_PROVIDED DATA_.
====
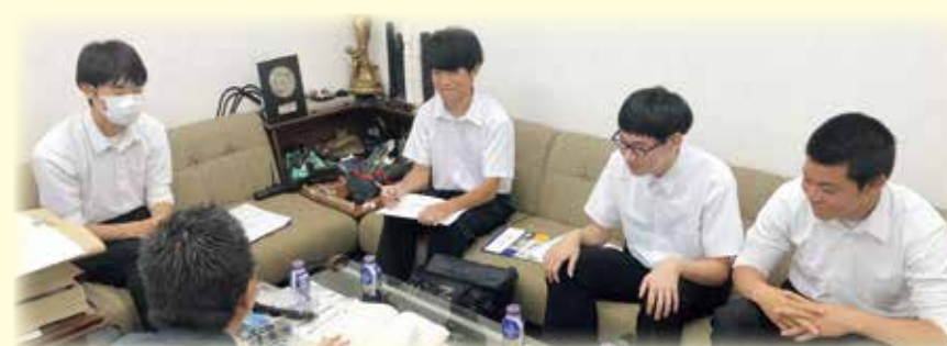
「先輩、教えてください!」(インターンシップ)

11月 マラソン大会 2年修学旅行(広島・関西方面)(3泊4日) 1年科学リテラシー(東京・筑波方面)研修旅行(1泊2日)
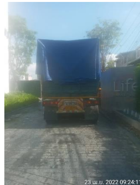
รูปที่ 8 ผ้าใบปิดคลุมท้ายรถบรรทุก
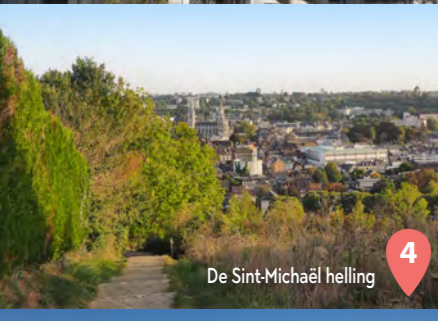
4 De Sint-Michaël helling
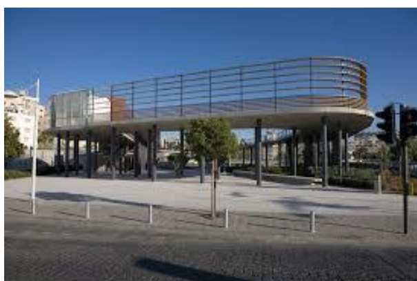
Πρόσοψη του χώρο
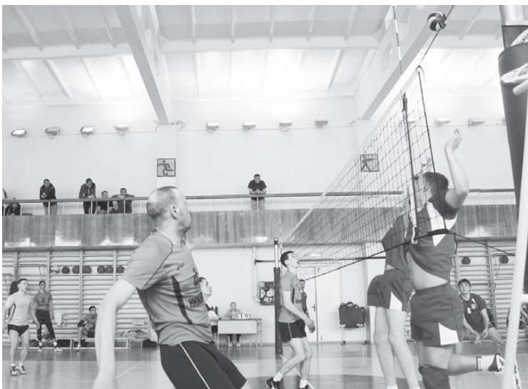
Эпизод встречи Нижняя Тура-Реж.
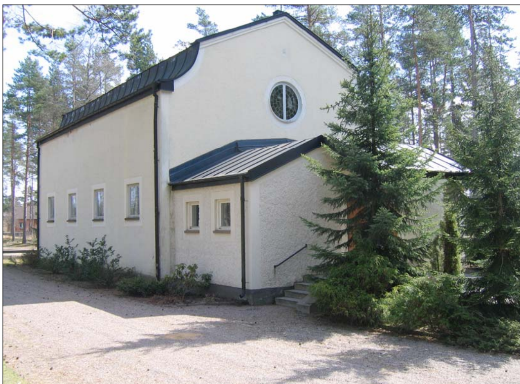
Kapellet byggdes till på 1990-talet varvid samlingsutrymmen skapades samt förbättrades tillgängligheten. I övrigt har mycket små förändringar skett sedan kapellet uppfördes 1941.

Interiören präglas av en stram enkelhet med ljusa odekorerade ytor. I den senare tillkomna utbyggnaden har samlingsrum och toalettutrymmen förlagts.
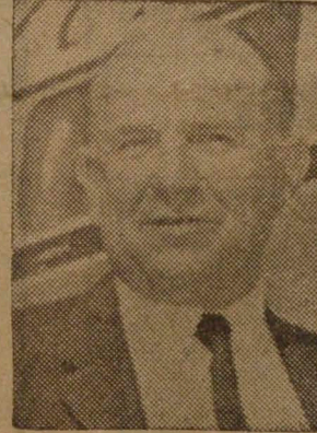
MINISTRO DE FINANZAS De regreso
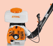
Atomizzatore a spalla STIHL SR 450
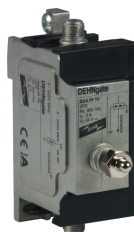
Оригинал может отличаться от изображения
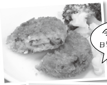
今までにない 日野菜レシピ☆

5月2日（火）の日野小学校の給食では、「まぜてく菜」を使った「日野菜漬入りコロッケ」を見守る児童たちが笑顔で食べていました。
====
_WHAT THE TASK ASKS_.
An exact reproduction of the material above is needed, without its pictures.

_SOLUTION TO THIS PROBLEM_.
「先輩、教えてください!」(インターンシップ)

11月 マラソン大会 2年修学旅行(広島・関西方面)(3泊4日) 1年科学リテラシー(東京・筑波方面)研修旅行(1泊2日)
รูปที่ 8 ผ้าใบปิดคลุมท้ายรถบรรทุก
4 De Sint-Michaël helling
Πρόσοψη του χώρο
Эпизод встречи Нижняя Тура-Реж.
Kapellet byggdes till på 1990-talet varvid samlingsutrymmen skapades samt förbättrades tillgängligheten. I övrigt har mycket små förändringar skett sedan kapellet uppfördes 1941.

Interiören präglas av en stram enkelhet med ljusa odekorerade ytor. I den senare tillkomna utbyggnaden har samlingsrum och toalettutrymmen förlagts.
MINISTRO DE FINANZAS De regreso
Atomizzatore a spalla STIHL SR 450
Оригинал может отличаться от изображения
今までにない 日野菜レシピ☆

5月2日（火）の日野小学校の給食では、「まぜてく菜」を使った「日野菜漬入りコロッケ」を見守る児童たちが笑顔で食べていました。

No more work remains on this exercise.